### Problem
In the listing below, the lines starting with the line with "3月12日,合力家園一群身穿" and going on through the line with "Dad died and" are to be reproduced exactly, and only those.

### Material provided
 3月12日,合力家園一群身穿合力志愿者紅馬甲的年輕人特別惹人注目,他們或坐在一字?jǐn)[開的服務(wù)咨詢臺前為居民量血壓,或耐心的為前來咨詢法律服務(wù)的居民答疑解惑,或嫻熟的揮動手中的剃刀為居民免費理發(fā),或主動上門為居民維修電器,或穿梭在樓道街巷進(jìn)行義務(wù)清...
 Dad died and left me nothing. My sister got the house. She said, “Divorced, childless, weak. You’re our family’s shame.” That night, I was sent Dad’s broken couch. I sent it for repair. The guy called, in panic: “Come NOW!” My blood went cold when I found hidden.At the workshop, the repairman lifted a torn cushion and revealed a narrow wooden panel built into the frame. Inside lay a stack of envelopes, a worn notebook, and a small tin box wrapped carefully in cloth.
...
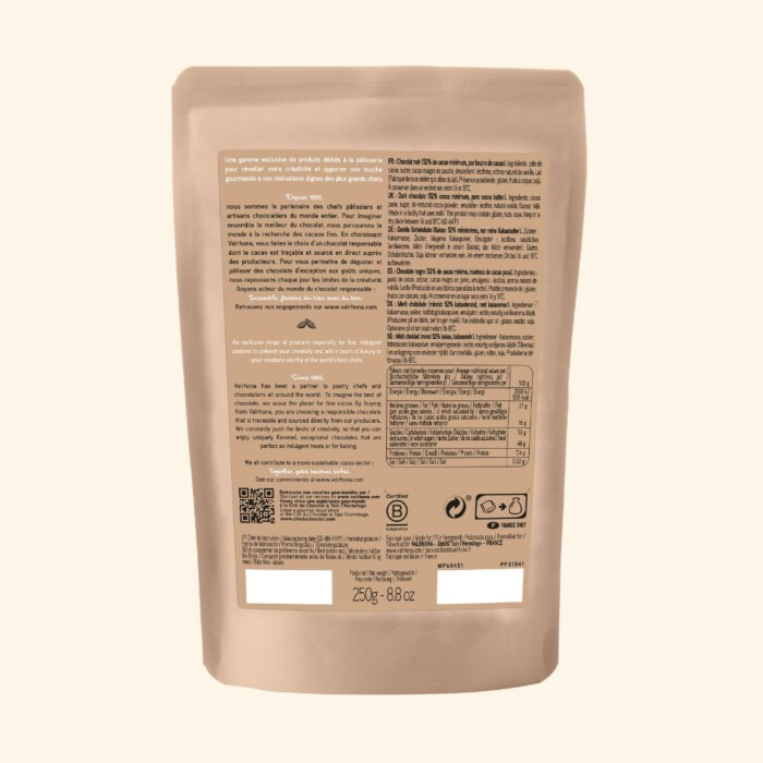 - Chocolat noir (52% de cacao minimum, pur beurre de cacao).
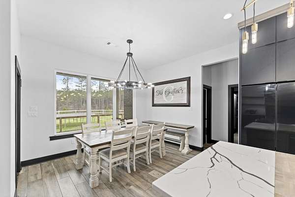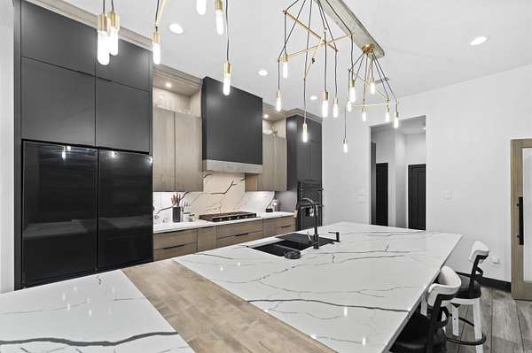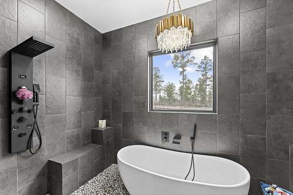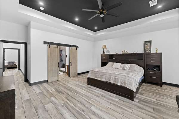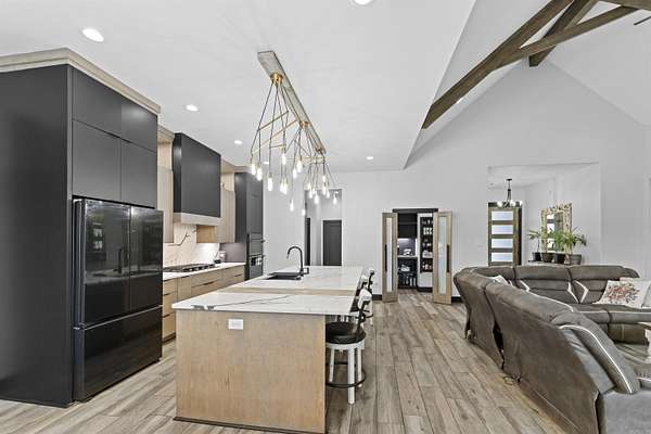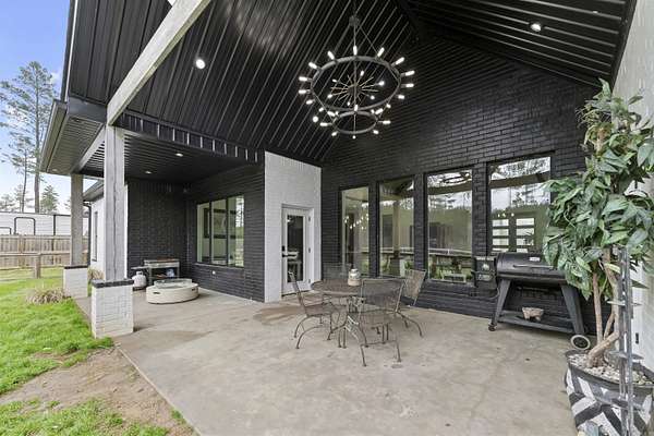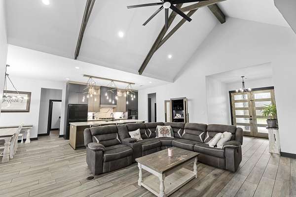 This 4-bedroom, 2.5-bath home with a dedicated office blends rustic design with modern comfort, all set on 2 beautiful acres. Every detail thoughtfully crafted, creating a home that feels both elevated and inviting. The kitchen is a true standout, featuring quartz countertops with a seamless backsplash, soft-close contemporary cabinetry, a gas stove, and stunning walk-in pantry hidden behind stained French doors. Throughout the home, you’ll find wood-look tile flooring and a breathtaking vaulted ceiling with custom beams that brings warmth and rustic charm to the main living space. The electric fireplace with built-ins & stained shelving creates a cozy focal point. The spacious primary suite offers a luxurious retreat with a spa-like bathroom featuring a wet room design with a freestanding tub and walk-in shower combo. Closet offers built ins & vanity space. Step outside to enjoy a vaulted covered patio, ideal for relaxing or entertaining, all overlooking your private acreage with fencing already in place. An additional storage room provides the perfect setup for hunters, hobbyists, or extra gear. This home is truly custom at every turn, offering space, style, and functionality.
---
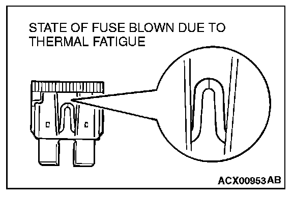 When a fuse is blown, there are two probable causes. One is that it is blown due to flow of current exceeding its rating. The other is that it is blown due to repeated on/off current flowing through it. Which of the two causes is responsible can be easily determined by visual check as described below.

### Result below
 3月12日,合力家園一群身穿合力志愿者紅馬甲的年輕人特別惹人注目,他們或坐在一字?jǐn)[開的服務(wù)咨詢臺前為居民量血壓,或耐心的為前來咨詢法律服務(wù)的居民答疑解惑,或嫻熟的揮動手中的剃刀為居民免費理發(fā),或主動上門為居民維修電器,或穿梭在樓道街巷進(jìn)行義務(wù)清...
 Dad died and left me nothing. My sister got the house. She said, “Divorced, childless, weak. You’re our family’s shame.” That night, I was sent Dad’s broken couch. I sent it for repair. The guy called, in panic: “Come NOW!” My blood went cold when I found hidden.At the workshop, the repairman lifted a torn cushion and revealed a narrow wooden panel built into the frame. Inside lay a stack of envelopes, a worn notebook, and a small tin box wrapped carefully in cloth.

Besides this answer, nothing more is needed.